Technical information
- Licensing authority: FCC
- Facility ID: 82804
- Class: C2
- ERP: 50,000 watts
- HAAT: 54 meters (177 ft)
- Transmitter coordinates: 40°34′53″N 104°54′20″W﻿ / ﻿40.58139°N 104.90556°W

Links
- Public license information: Public file; LMS;
- Webcast: Listen Live
- Website: krfcfm.org

= KRFC =

Community radio station in Fort Collins, Colorado

KRFC (88.9 FM) is a community-based radio station in Fort Collins, Colorado. The station is owned and operated by Public Radio for the Front Range. The station's programming includes music of numerous genres, played by volunteer DJs. Some news, information and syndicated shows are on the schedule as well. Although similar in funding strategies to a traditional public radio station, KRFC is not a member of any of the major networks such as NPR or Pacifica.

KRFC has an effective radiated power (ERP) of 50,000 watts, with a signal extending from the Wyoming border to the suburbs of Denver. The transmitter is on Weld County Route 80 near Route 17 in Severance, Colorado.

==History==
Public Radio for the Front Range (PRFR) was started by a group of former DJs from KCSU-FM. DJs who were not current students were forced to leave after KCSU-FM's underwriter, Colorado State University, decided to make KCSU-FM solely student-run. In September 1995, PRFR was given IRS 501(C)(3) non-profit status.

By the summer of 1996, PRFR had applied for a construction permit from the Federal Communications Commission (FCC). The group wanted to build a station on 88.9 MHz, but were challenged by other broadcasting groups. PRFR then went into negotiations during 1997 with Colorado Christian University to share 88.9 MHz; these negotiations failed.

By 2000, the group applied for the 89.7 MHz frequency in a low-power jurisdiction; another Christian group applied for the same frequency. After successful negotiations, PRFR came into agreement with the other applicants that the PRFR would receive 88.9 MHz. The agreement was submitted to the FCC on July 7, 2002, who then granted PRFR a construction permit for a 3,000-watt non-commercial radio station. KRFC 88.9 FM Radio Fort Collins began broadcasting on March 1, 2003.

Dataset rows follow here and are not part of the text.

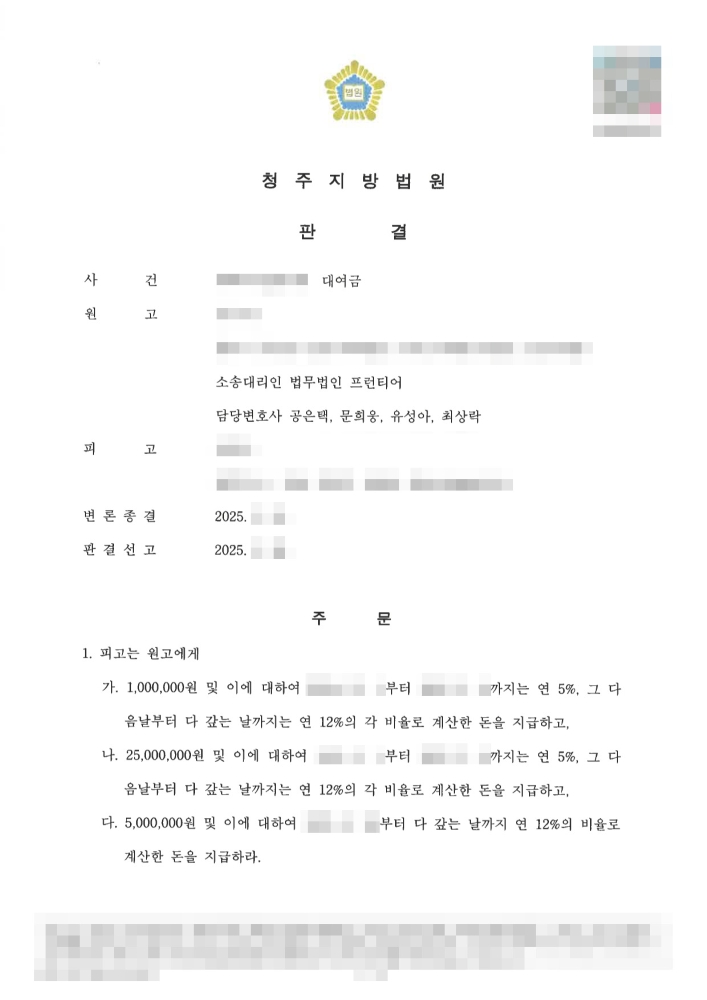 청주지방법원은 원고 측의 청구를 주문과 같이 전부 인용하는 판결을 선고했습니다. 이는 천안대여금변호사가 제시한 증거와 변제기 도과 및 이행 거절에 대한 논리가 법원에서 완전히 받아들여졌음을 의미합니다.
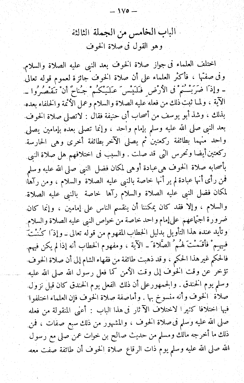 الباب الخامس من الجملة الثالثة وهو القول في صلاة الخوف
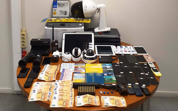 Από τις αστυνομικές έρευνες, σε οικίες και χώρους, βρέθηκαν και κατασχέθηκαν, μεταξύ άλλων, πλαστά και απολεσθέντα ελληνικά δελτία ταυτότητας, ελληνικές άδειες οδήγησης, κάρτες τραπεζών, βιβλιαρίων τραπεζών, συσκευή ελέγχου γνησιότητας εγγράφων, μικροποσότητα ηρωίνης, πιστόλι, πλήθος ψηφιακών μέσων, καθώς και το χρηματικό ποσό των 5.030 ευρώ.
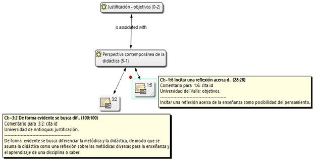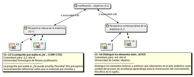 En la Figura 1 se evidencian las correlaciones entre los dos ejes relevantes dentro de los planes de estudio desde la perspectiva de las secciones denominadas justificación y objetivos. De allí se derivan las categorías centrales de estudio: perspectiva clásica en didáctica y perspectiva contemporánea en didáctica. En ambas se encuentran unidades de registro que solo corresponden a las secciones de los programas, ya antes mencionadas.

In 2004, KFRC completed the construction and expansion of its studios. Its facilities include three separate studios, all of which have the ability to broadcast live. Volunteers continue to make up the majority of KRFC 88.9 FM Radio Fort Collins' workforce. In 2022, the station increased its power to 50,000 watts and constructed its own antenna tower. This gives it a larger area of Colorado able to receive its signal.